[Barry Lyndon by William Makepeace Thackeray]@TWC D-Link bookBarry Lyndon CHAPTER VI 24/29
'Go to the inspecting officer,' said I; 'if they once get you into Prussia it is all over with you, and they will never give you up.
Go now to the commandant of the depot, promise him a hundred--five hundred guineas to set you free; say that the crimping captain has your papers and portfolio' (this was true); 'above all, show him that you have the means of paying him the promised money, and I will warrant you are set free.' He did as I advised, and when we were put on the march Mr.Fakenham found means to be allowed to go into hospital, and while in hospital the matter was arranged as I had recommended. He had nearly, however, missed his freedom by his own stinginess in bargaining for it, and never showed the least gratitude towards me his benefactor. I am not going to give any romantic narrative of the Seven Years' War. At the close of it, the Prussian army, so renowned for its disciplined valour, was officered and under-officered by native Prussians, it is true; but was composed for the most part of men hired or stolen, like myself, from almost every nation in Europe.

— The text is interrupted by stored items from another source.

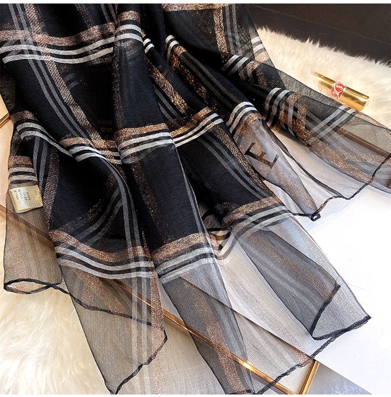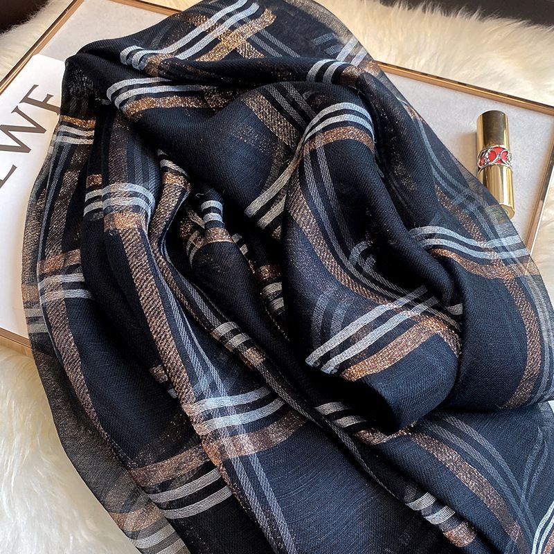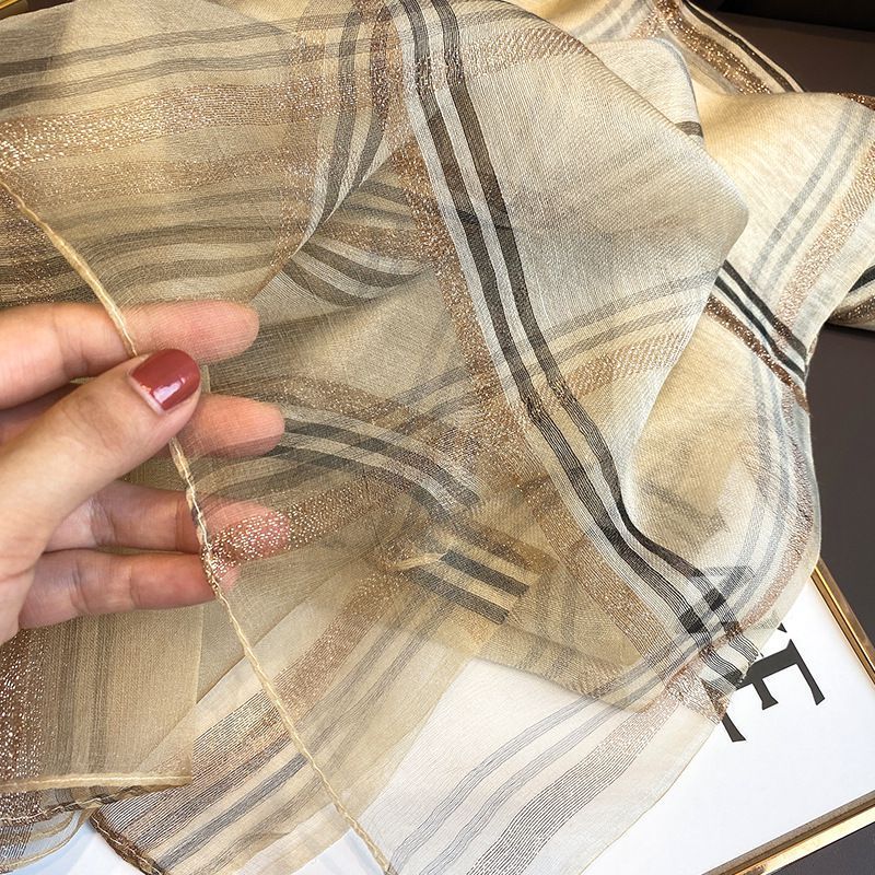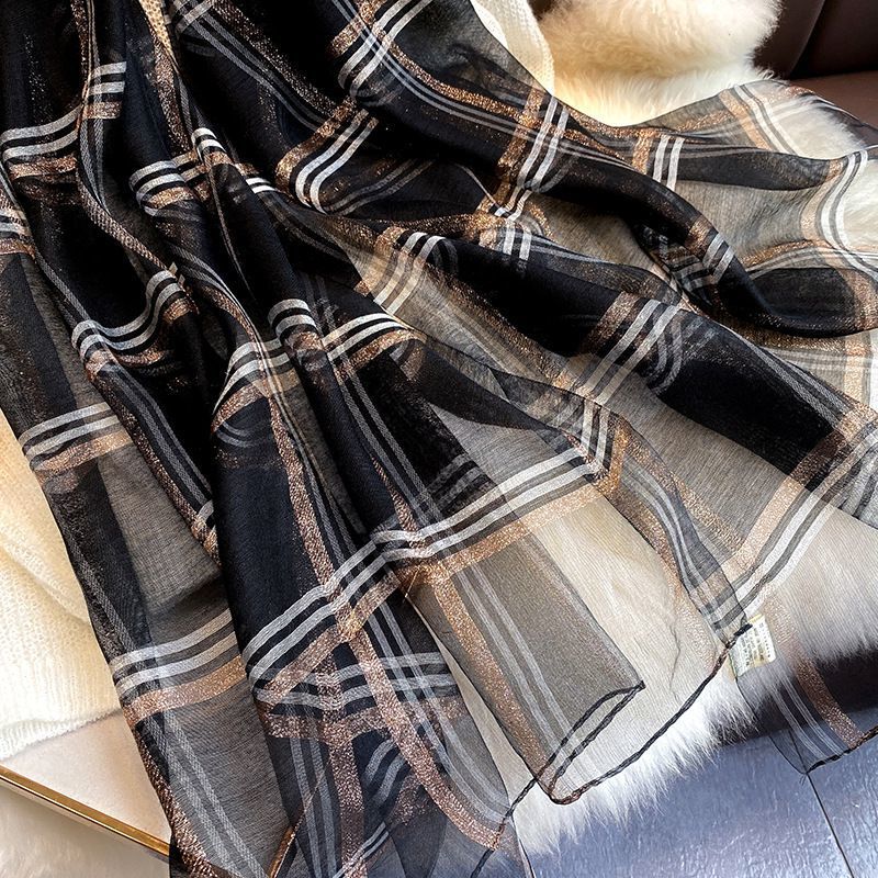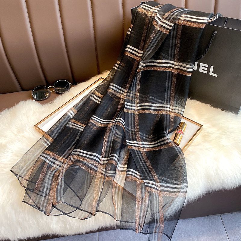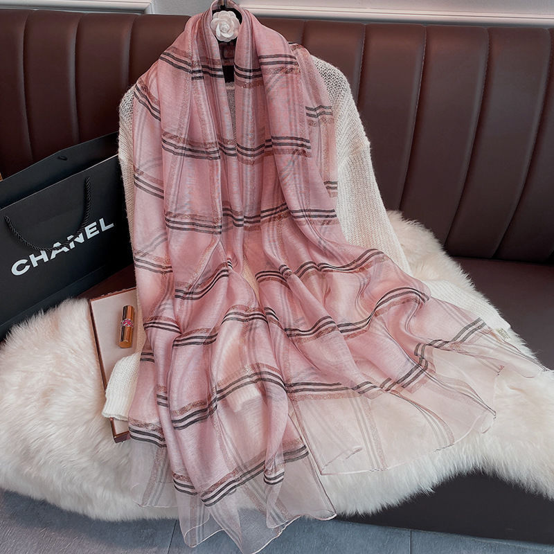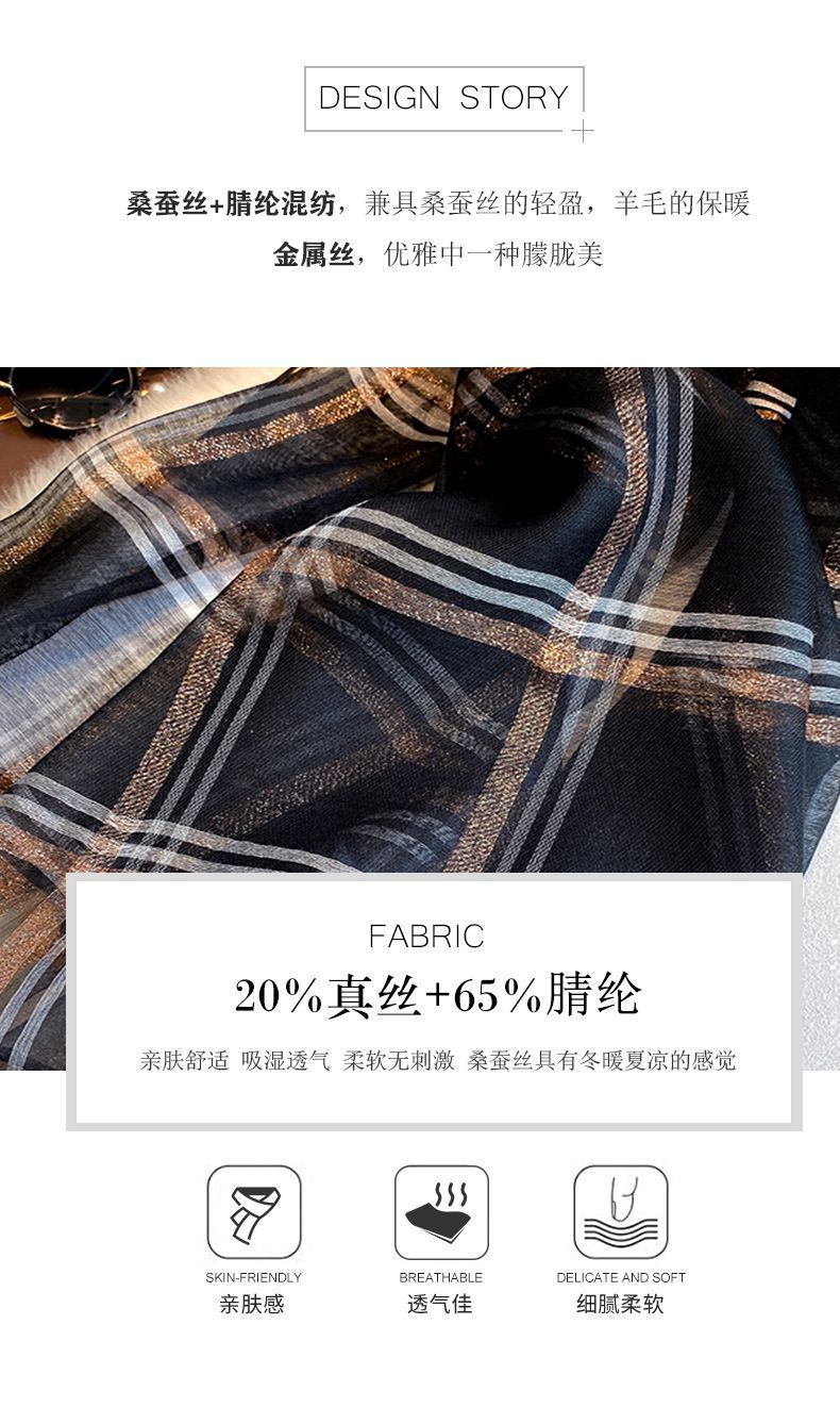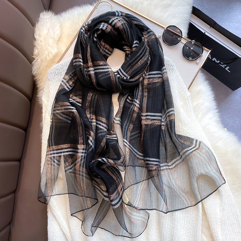 가을과 겨울 새로운 영국 프놈펜 격자 무늬 실크 울 스카프 여성 기질 뽕나무 실크 이중 목적 목도리 따뜻한 거즈
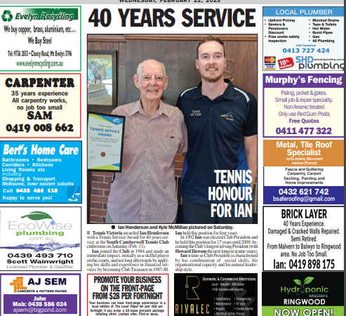 Ian was awarded his Tennis Service Award on February 11th in the South Camberwell Tennis Club rooms by Tennis Victoria’s Metro Inner East Club Development Officer, Kyle McMullan.
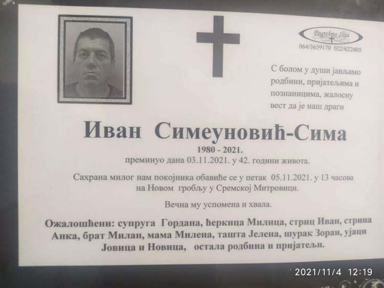 Sahrana će se obaviti u petak 5.11.2021 u 13 časova na novom groblju u Sremskoj Mitrovici.
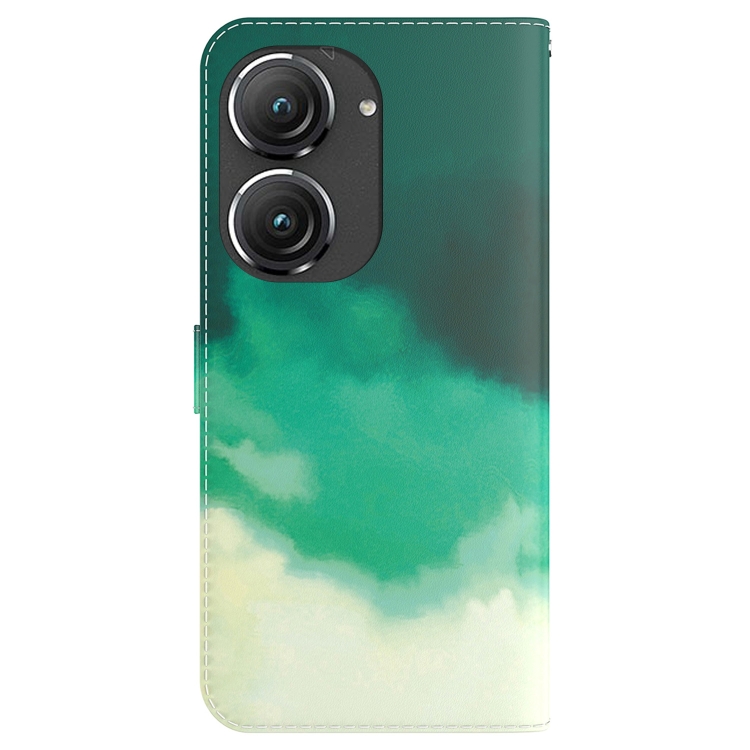 Funda para Asus Zenfone 9 con Tapa de Cuero y Patrón de Acuarela (Verde Cian)
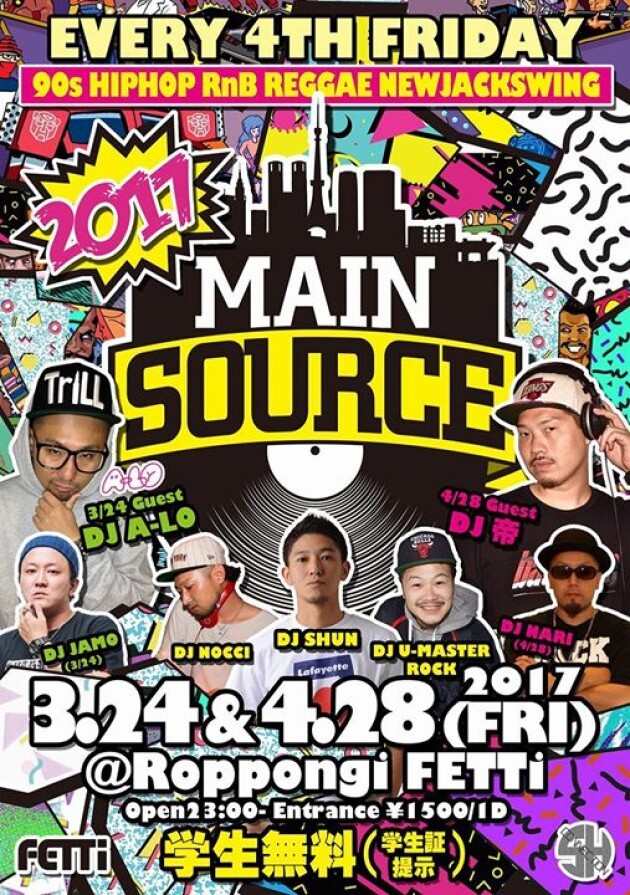 90年代クラシックを六本木で浴びる!毎月第4金曜日はMainsource@六本木fetti!3月のゲストにはDJ A-Lo!4月は横浜からDJ 帝が登場!
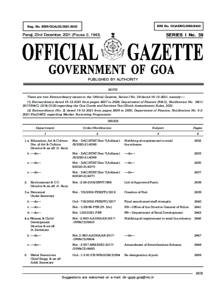 RNA No. GOING/2002/6410Reg. No. RNA/GOA/32/20212023Panaji, 23rd December 2021 (Paula 2, 1943)SERIES I No. 39PUBLISHED BY AUTHORITY NOTE There are two Extraordinary issues to the Official Gazette,
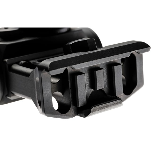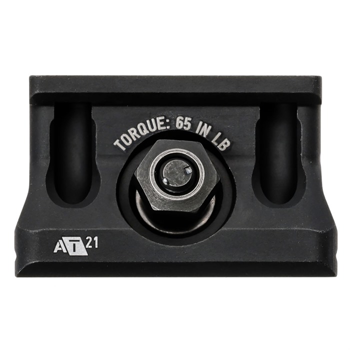 Die A/T (Angled Torque) Montagen verwenden einen patentierten Klammermechanismus, der durch angewinkeltes Drehmoment eine stärkere und zuverlässigere Verriegelung der Montage auf der Schiene des Endbenutzers erzeugt. Um die Hardware unter Feldbedingungen zu halten, verwendet dieses System eine gezahnte Federscheibe, um den Verlust des Drehmoments an der Schraubenmutter zu verhindern. Bei gleicher Last liefert die A/T Montage etwa doppelt so viel Klemmkraft an der Picatinny-Schiene im Vergleich zu einem herkömmlichen horizontalen Interface.
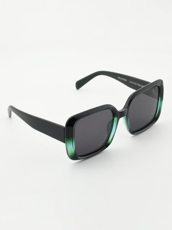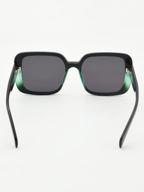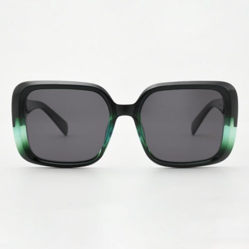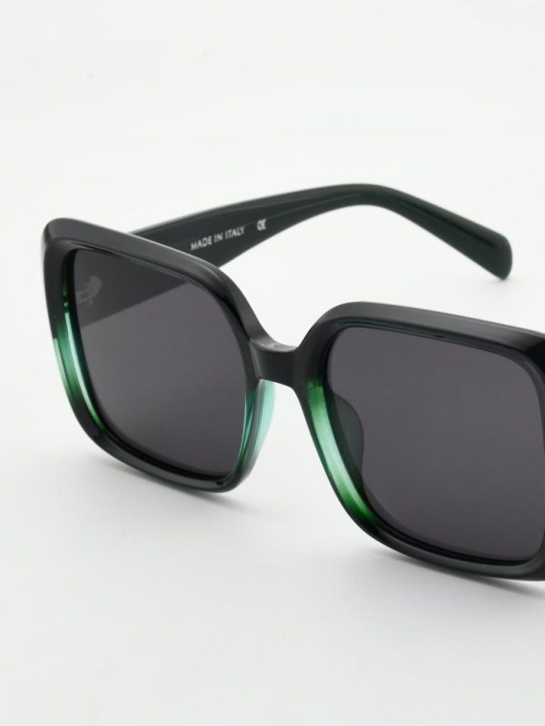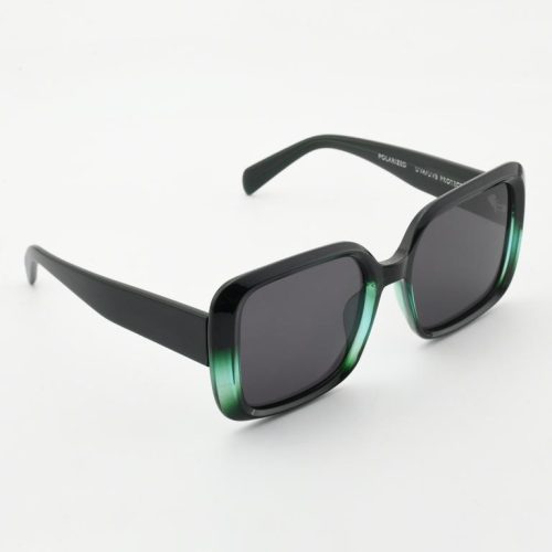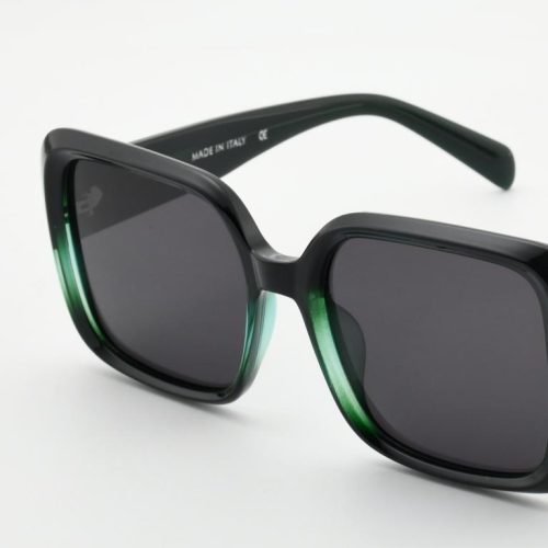 he statement square-butterfly silhouette—now in glossy black with subtle emerald-green crystal accents at the rims. Made in Italy from lightweight TR90 and fitted with 1.1 mm TAC polarized lenses for chic, glare-free comfort.

The deserting to and fro was prodigious.
In my regiment (Bulow's) alone before the war, there had been no less than 600 Frenchmen, and as they marched out of Berlin for the campaign, one of the fellows had an old fiddle on which he was flaying a French tune, and his comrades danced almost, rather than walked, after him, singing, 'Nous allons en France.' Two years after, when they returned to Berlin, there were only six of these men left; the rest had fled or were killed in action.
The life the private soldier led was a frightful one to any but men of iron courage and endurance.